* Action item:
Reproduce the data below word for word.

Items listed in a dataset
_ _ _

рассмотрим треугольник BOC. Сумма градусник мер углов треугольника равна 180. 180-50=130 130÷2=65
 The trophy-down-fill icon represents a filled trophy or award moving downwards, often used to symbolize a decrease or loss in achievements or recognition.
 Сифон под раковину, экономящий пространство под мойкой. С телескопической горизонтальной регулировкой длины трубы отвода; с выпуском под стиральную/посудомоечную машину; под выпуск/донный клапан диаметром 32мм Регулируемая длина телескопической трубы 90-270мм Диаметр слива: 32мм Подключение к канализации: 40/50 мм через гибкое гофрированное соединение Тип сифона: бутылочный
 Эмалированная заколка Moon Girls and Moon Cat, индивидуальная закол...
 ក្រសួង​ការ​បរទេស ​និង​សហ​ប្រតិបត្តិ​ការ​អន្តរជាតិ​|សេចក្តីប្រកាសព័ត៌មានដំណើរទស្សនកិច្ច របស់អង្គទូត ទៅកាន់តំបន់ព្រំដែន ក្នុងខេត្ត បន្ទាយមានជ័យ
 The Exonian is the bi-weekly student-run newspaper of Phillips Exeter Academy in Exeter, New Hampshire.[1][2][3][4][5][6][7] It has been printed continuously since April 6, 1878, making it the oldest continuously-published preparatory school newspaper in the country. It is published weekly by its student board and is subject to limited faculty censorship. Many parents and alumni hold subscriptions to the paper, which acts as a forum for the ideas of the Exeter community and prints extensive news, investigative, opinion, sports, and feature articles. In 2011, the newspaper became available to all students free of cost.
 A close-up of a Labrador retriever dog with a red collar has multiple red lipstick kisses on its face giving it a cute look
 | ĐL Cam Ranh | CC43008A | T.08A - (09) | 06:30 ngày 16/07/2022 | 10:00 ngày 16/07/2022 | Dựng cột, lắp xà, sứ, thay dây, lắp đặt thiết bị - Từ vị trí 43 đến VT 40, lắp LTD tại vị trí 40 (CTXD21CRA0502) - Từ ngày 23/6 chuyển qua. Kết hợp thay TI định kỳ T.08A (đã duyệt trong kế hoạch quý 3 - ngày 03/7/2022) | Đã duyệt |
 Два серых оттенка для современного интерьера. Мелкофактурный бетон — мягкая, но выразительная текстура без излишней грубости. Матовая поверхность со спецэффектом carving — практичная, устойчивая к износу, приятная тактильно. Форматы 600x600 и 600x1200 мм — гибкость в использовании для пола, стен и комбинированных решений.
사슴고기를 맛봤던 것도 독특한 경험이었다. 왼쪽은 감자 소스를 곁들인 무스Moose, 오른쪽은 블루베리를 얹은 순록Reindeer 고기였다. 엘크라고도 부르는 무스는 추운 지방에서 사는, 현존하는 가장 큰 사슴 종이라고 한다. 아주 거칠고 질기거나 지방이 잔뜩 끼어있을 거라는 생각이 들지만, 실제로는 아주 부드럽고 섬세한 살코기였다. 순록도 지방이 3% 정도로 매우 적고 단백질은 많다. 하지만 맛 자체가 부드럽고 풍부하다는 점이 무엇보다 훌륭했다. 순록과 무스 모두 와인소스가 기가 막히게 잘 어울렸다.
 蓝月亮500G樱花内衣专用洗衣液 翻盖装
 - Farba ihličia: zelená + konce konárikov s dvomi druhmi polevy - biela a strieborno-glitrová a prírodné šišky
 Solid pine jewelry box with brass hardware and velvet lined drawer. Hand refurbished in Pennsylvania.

_ _ _

* Solved problem:
рассмотрим треугольник BOC. Сумма градусник мер углов треугольника равна 180. 180-50=130 130÷2=65
 The trophy-down-fill icon represents a filled trophy or award moving downwards, often used to symbolize a decrease or loss in achievements or recognition.
 Сифон под раковину, экономящий пространство под мойкой. С телескопической горизонтальной регулировкой длины трубы отвода; с выпуском под стиральную/посудомоечную машину; под выпуск/донный клапан диаметром 32мм Регулируемая длина телескопической трубы 90-270мм Диаметр слива: 32мм Подключение к канализации: 40/50 мм через гибкое гофрированное соединение Тип сифона: бутылочный
 Эмалированная заколка Moon Girls and Moon Cat, индивидуальная закол...
 ក្រសួង​ការ​បរទេស ​និង​សហ​ប្រតិបត្តិ​ការ​អន្តរជាតិ​|សេចក្តីប្រកាសព័ត៌មានដំណើរទស្សនកិច្ច របស់អង្គទូត ទៅកាន់តំបន់ព្រំដែន ក្នុងខេត្ត បន្ទាយមានជ័យ
 The Exonian is the bi-weekly student-run newspaper of Phillips Exeter Academy in Exeter, New Hampshire.[1][2][3][4][5][6][7] It has been printed continuously since April 6, 1878, making it the oldest continuously-published preparatory school newspaper in the country. It is published weekly by its student board and is subject to limited faculty censorship. Many parents and alumni hold subscriptions to the paper, which acts as a forum for the ideas of the Exeter community and prints extensive news, investigative, opinion, sports, and feature articles. In 2011, the newspaper became available to all students free of cost.
 A close-up of a Labrador retriever dog with a red collar has multiple red lipstick kisses on its face giving it a cute look
 | ĐL Cam Ranh | CC43008A | T.08A - (09) | 06:30 ngày 16/07/2022 | 10:00 ngày 16/07/2022 | Dựng cột, lắp xà, sứ, thay dây, lắp đặt thiết bị - Từ vị trí 43 đến VT 40, lắp LTD tại vị trí 40 (CTXD21CRA0502) - Từ ngày 23/6 chuyển qua. Kết hợp thay TI định kỳ T.08A (đã duyệt trong kế hoạch quý 3 - ngày 03/7/2022) | Đã duyệt |
 Два серых оттенка для современного интерьера. Мелкофактурный бетон — мягкая, но выразительная текстура без излишней грубости. Матовая поверхность со спецэффектом carving — практичная, устойчивая к износу, приятная тактильно. Форматы 600x600 и 600x1200 мм — гибкость в использовании для пола, стен и комбинированных решений.
사슴고기를 맛봤던 것도 독특한 경험이었다. 왼쪽은 감자 소스를 곁들인 무스Moose, 오른쪽은 블루베리를 얹은 순록Reindeer 고기였다. 엘크라고도 부르는 무스는 추운 지방에서 사는, 현존하는 가장 큰 사슴 종이라고 한다. 아주 거칠고 질기거나 지방이 잔뜩 끼어있을 거라는 생각이 들지만, 실제로는 아주 부드럽고 섬세한 살코기였다. 순록도 지방이 3% 정도로 매우 적고 단백질은 많다. 하지만 맛 자체가 부드럽고 풍부하다는 점이 무엇보다 훌륭했다. 순록과 무스 모두 와인소스가 기가 막히게 잘 어울렸다.
 蓝月亮500G樱花内衣专用洗衣液 翻盖装
 - Farba ihličia: zelená + konce konárikov s dvomi druhmi polevy - biela a strieborno-glitrová a prírodné šišky
 Solid pine jewelry box with brass hardware and velvet lined drawer. Hand refurbished in Pennsylvania.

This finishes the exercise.